By Robert W. Bethune
In Robert Hewett's "The Blonde, The Brunette and the Vengeful Redhead," Lucy Peacock plays all three and a disturbed child, a scummy husband, a grieving doctor and a bitter old woman as well in a wonderfully Protean tour de force. It's actually a little scary; we tend to think of identity as fixed, and here's this actress changing identities at will.
So, as a performance, it's wonderful. As a theater piece, some things don't work. Geordie Johnson directs and Kimberly Purtell designed the lighting and Michael Gianfrancesco designed everything else. Visually, the production starts with a bare stage with a back wall. The wall is split, video up top, shadow-screen below. We see Peacock's shadow as she changes costume for each new character. The idea is interesting once, but by the time we see it the sixth time, it isn't any more. Music and video projections help cover the costume changes but are not particularly interesting. The most effective choice of designer and director is the geometric way the props make an effective visual statement of the structure of the play.

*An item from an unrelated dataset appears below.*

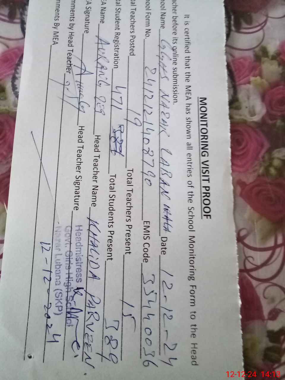 | Attendance Register | Head Teacher | MEA with School | Visit Proof |
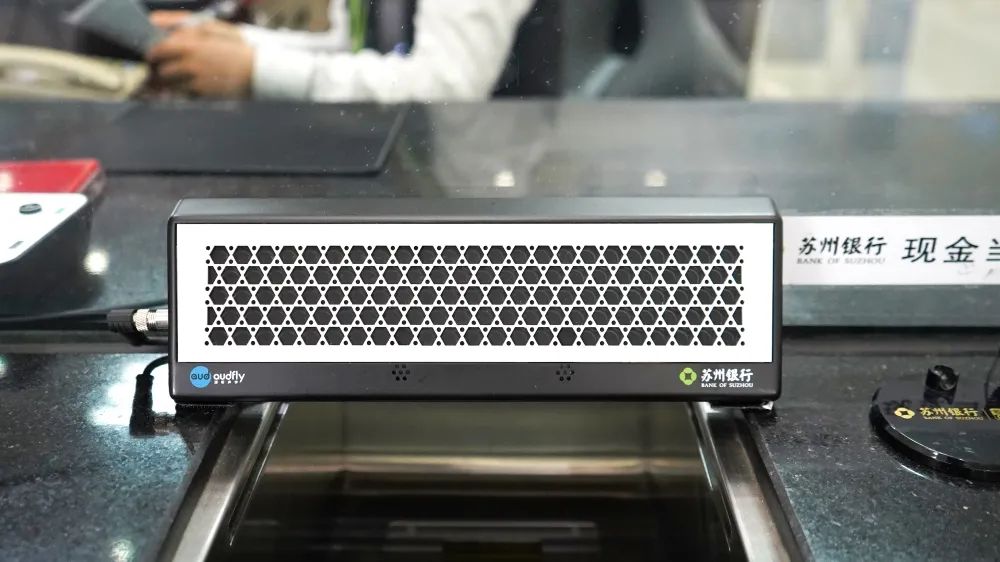 本次清聽(tīng)聲學(xué)攜手蘇州銀行亮相金博會(huì),雙方聯(lián)合展示了智能防干擾柜臺(tái)對(duì)講系統(tǒng),該系統(tǒng)由蘇州銀行和清聽(tīng)聲學(xué)聯(lián)合實(shí)驗(yàn)室合作開(kāi)發(fā),基于清聽(tīng)聲學(xué)核心的定向發(fā)聲技術(shù),借助定向聲控、回聲消除和噪聲動(dòng)態(tài)抑制技術(shù),利用超聲波指向傳播特性及空氣非線性作用,實(shí)現(xiàn)可聽(tīng)聲的指向性傳播效果。

The text is not a play. It is narrative prose fiction, right down to "he said" and "she said" for direct quotations. Each character is presented in one long monologue. Hewett's attention is firmly focused on the inner psychology of each character; the interactions between them get very little. In short, what we have is a modern short novel placed on stage. That is not a sound basis for theater, nor is it dictated by the needs of a solo performance, as plays like Aldyth Morris' "Damien" prove. It works because Lucy Peacock makes it work.